I’m not saying I know the best answer here. I’m simply saying that offering information is no longer enough, even if we want it to be. The sooner new journalism outlets face up to that fact, the sooner they’ll be able to support themselves.

It’s fine and dandy to want to offer valuable, relevant news, hopefully even information that changes people’s lives. But if you want to keep making your art, you need to make it profitable. If you’re not earning money, your model isn’t sustainable, which means you won’t be able to continue creating in the long term.

3. Journalistic integrity clashes with making-money tactics

The ways many successful bloggers make a living around content simply wouldn’t float in a newsroom. Journalists aren’t into sponsored posts, nor would they feel good about adding affiliate links to their stories or promoting paying partners. And click-bait is pretty much every journalist’s worst nightmare.

In my mind, this innate clash of old-school journalistic ethics and effective online monetization strategies is preventing news outlets from experiencing what others have discovered as the money-making glory of the internet.

I first felt this tension when I was a reporter at U.S. News & World Report in 2010. I already had one foot in the blogging world, having launched this blog in 2008, and my first ebook was selling lots of copies, even though it was only a side gig at that point since I was working a full-time job. One afternoon I interviewed a source for a story, and I felt a tug to do what any effective blogger would’ve done next: promote her work online to create good karma, knowing she’d probably then do the same for me.

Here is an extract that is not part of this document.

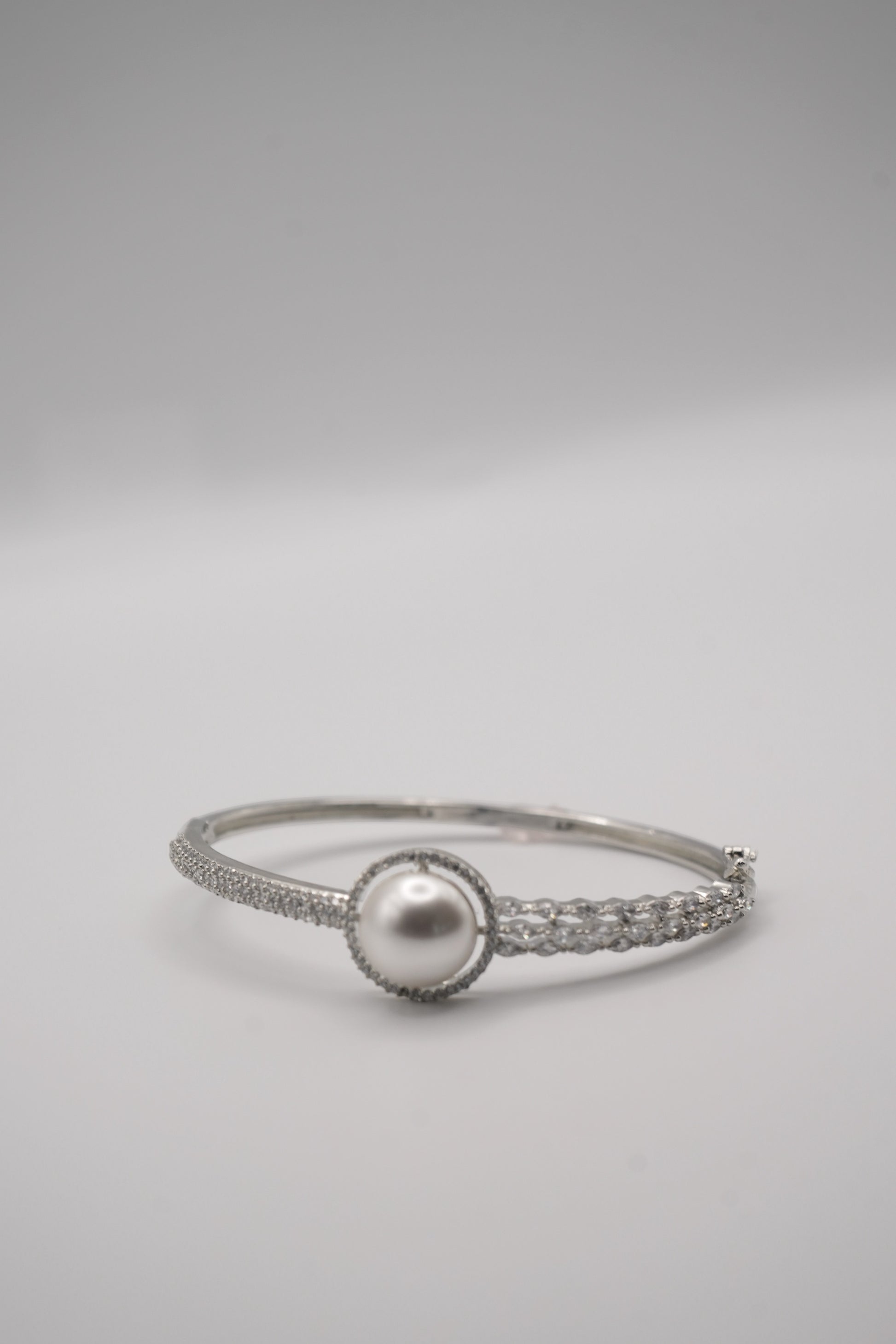 Luminous Grace: Pearl & Crystal Pave Bangle Bracelet

Except as a journalist, I couldn’t. My old-school journalistic values prevented me from becoming friends with this source, so I could continue to quote her in my stories and objectively refer to her work. One of the reasons I left journalism the following year to build my business full time was to free myself of those chains, so I could fully engage in the relationship-building and favor-swapping that so many online brands are built upon.

To be completely honest, I still struggle with this today. We’re often approached about partnerships for The Write Life, a website for writers my team and I run. Brands and companies want to pay us to share their product or service with our community. Yet while we’ve succeeded on a small scale with affiliate marketing and direct advertising and product sales, I can’t bring myself to wade into pay-for-post territory, even though it’s one of the most lucrative ways to monetize a website. That journalistic birdie just keeps chirping in my ear, asking if we would’ve shared that information even if we hadn’t been paid to do so, and if not, whether we’re truly being honest to our readers. (This issue is much more complex, but I’m brushing over it here to make a bigger point.)

Yet I’ve watched a number of our clients do this successfully, partnering with brands to offer sponsored content. When executed well, that paid content can be just as useful to readers as posts we develop on our own volition. Not only that, but it provides revenue for the production of non-sponsored content.

Still, any trained and experienced journalist would tell you this isn’t OK in their world. And that’s a tension that’s not going away, no matter how many new technologies we use to deliver the news.

So what’s the solution?

There isn’t an easy one, or all of these failing news outlets would’ve implemented it already. But fostering creativity and innovation in journalism could go a long way. And I’m not just talking about finding new ways to tell stories or share information; we already have entire programs dedicated to that kind of work. I mean thinking differently about the business behind the craft, about how to innovate in a way that brings in money without compromising journalistic values.

One thing’s for sure: If we keep neglecting the business side, the industry as a whole will continue to suffer. And in the long run, that doesn’t help the journalists who live to dig up and share news, nor the readers who consume it.